* [Task directions] When you reach a picture, skip it, and retype every line below exactly.

* [Data segment]

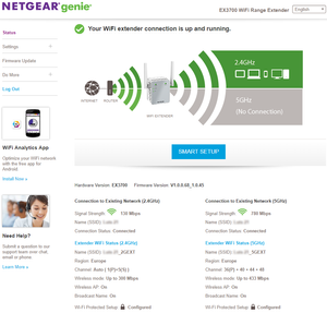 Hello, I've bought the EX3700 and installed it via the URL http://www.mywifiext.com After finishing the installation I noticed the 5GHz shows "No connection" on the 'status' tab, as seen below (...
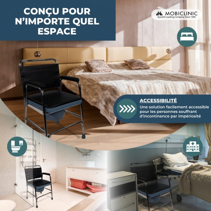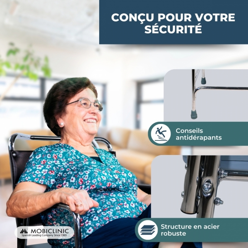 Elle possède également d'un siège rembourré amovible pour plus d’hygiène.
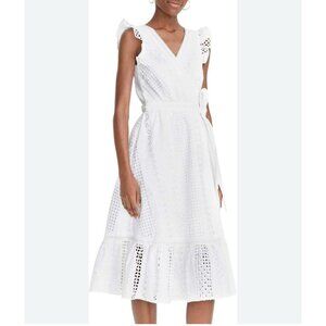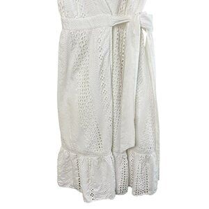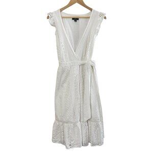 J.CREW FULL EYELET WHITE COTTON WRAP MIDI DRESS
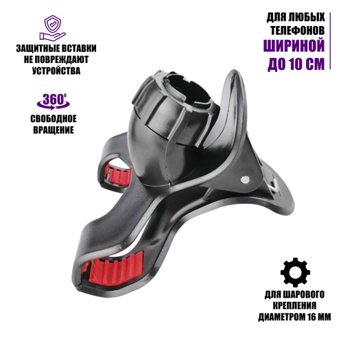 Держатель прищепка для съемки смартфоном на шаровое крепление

* [Reply to the task]
 Hello, I've bought the EX3700 and installed it via the URL http://www.mywifiext.com After finishing the installation I noticed the 5GHz shows "No connection" on the 'status' tab, as seen below (...
 Elle possède également d'un siège rembourré amovible pour plus d’hygiène.
 J.CREW FULL EYELET WHITE COTTON WRAP MIDI DRESS
 Держатель прищепка для съемки смартфоном на шаровое крепление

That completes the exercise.